Stored data entries

──────────

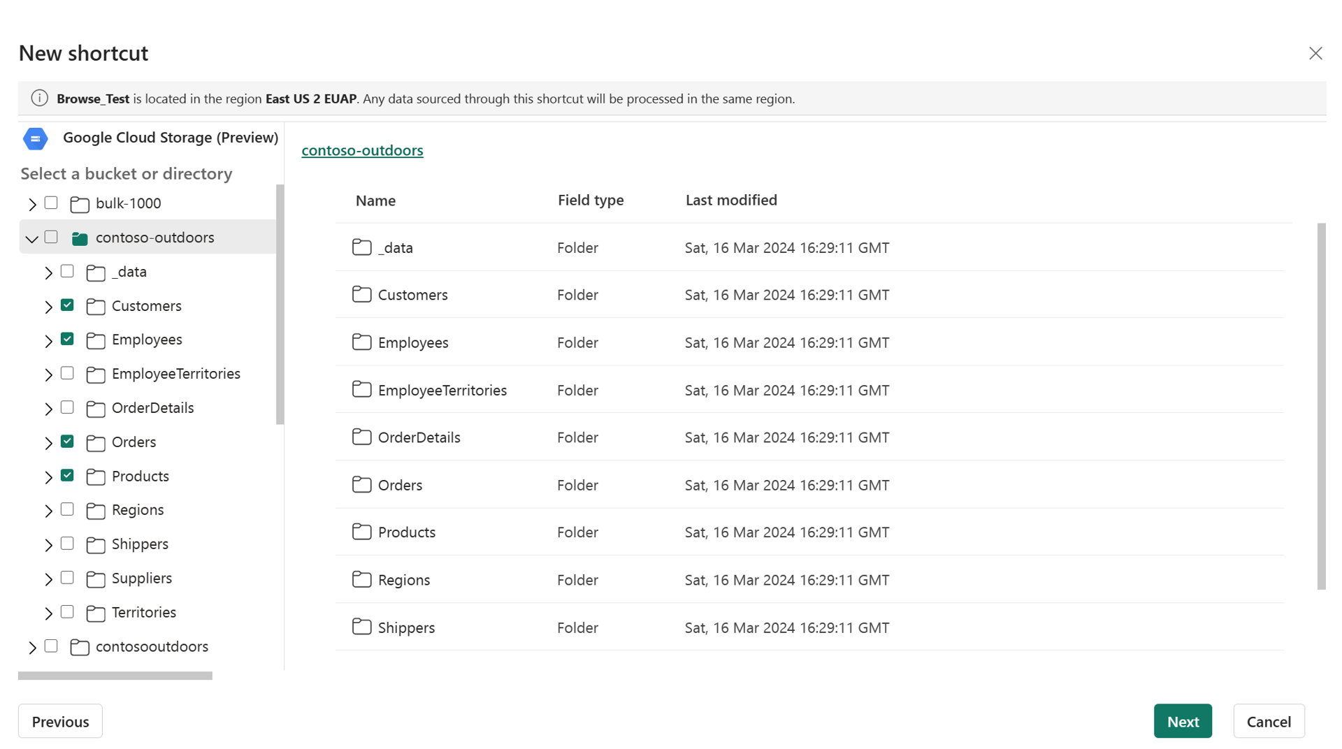 Ensure your chosen GCS bucket and user meet the access and authorization requirements for GCS shortcuts.
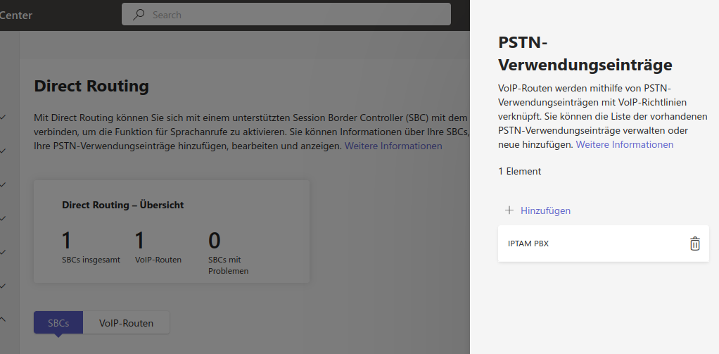 Zunächst wird ein „PSTN Verwendungseintrag“ benötigt. Dies ist lediglich eine Art Container, der andere Teile des Routings bündelt. Klicken Sie oben rechts auf der Seite zum „Direct Routing“ auf den Button „PSTN-Verwendungseinträge verwalten“. Klicken Sie dann auf „+ Hinzufügen“ und wählen Sie einen Namen, z.B. „IPTAM PBX“ (Abbildung rechts). Speichern Sie dann den Dialog.
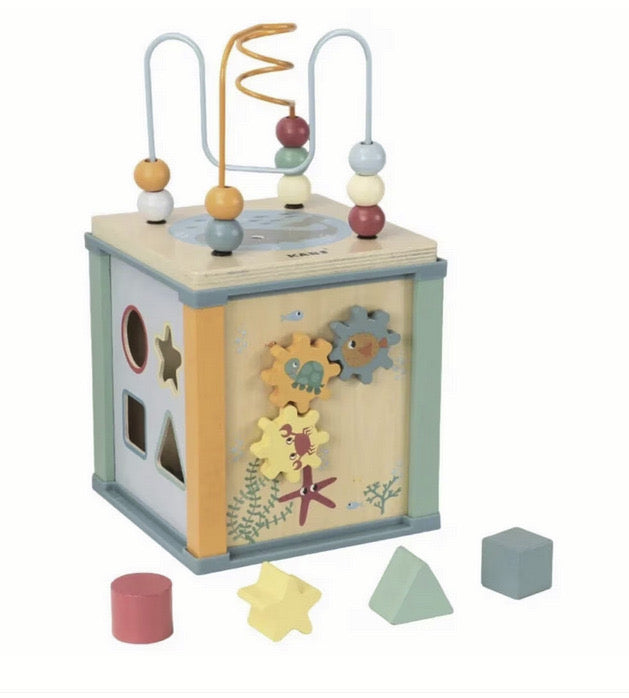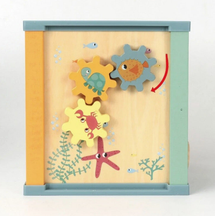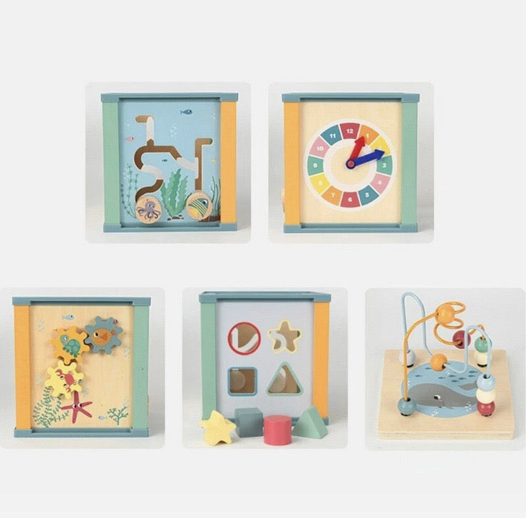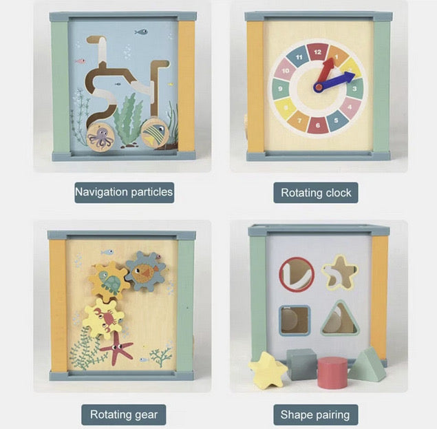 Cub multifunctional 5 in 1 cu functii multiple, avand ca tema oceanul. Are 4 laturi cu activitati distincte si in partea de sus un labirint detasabil cu bilute. Cubul are jocuri educative pentru dezvoltarea motricitatii, sortare si ocazia de a descoperi elemente noi cu obiecte acvatice.
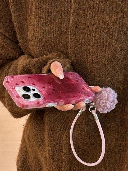 商品説明:汚れが目立ちにくいカラーに、可愛いいちごとドットのデザインを組み合わせた個性的なスマホケース。持つだけで気分が上がる一品です。※ストラップは付属しておりません。
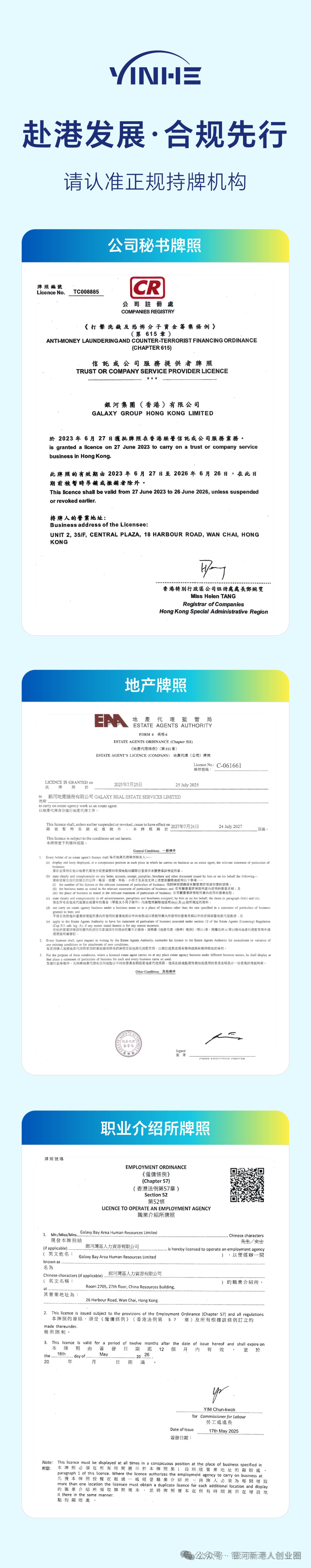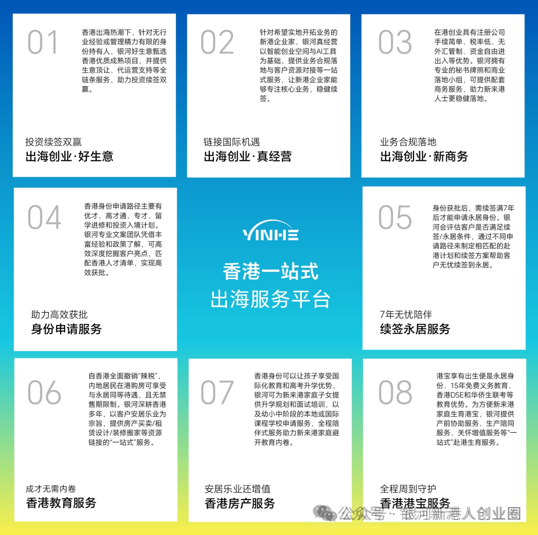 银河【好生意·真经营】提供香港身份续签、转永居、注册香港公司、开户、商业计划书、公司财税合规运营(年审/审计/报税等)、税务规划、租赁实体办公室、子女教育全链条服务。银河集团高才续签咨询热线:18565851853 &17675416895

──────────

[ACTION ITEM]
Repeat word for word the lines above, from the first entry through the line containing "Zunächst wird ein", with both ends kept and the pictures dropped.

[ANSWER]
 Ensure your chosen GCS bucket and user meet the access and authorization requirements for GCS shortcuts.
 Zunächst wird ein „PSTN Verwendungseintrag“ benötigt. Dies ist lediglich eine Art Container, der andere Teile des Routings bündelt. Klicken Sie oben rechts auf der Seite zum „Direct Routing“ auf den Button „PSTN-Verwendungseinträge verwalten“. Klicken Sie dann auf „+ Hinzufügen“ und wählen Sie einen Namen, z.B. „IPTAM PBX“ (Abbildung rechts). Speichern Sie dann den Dialog.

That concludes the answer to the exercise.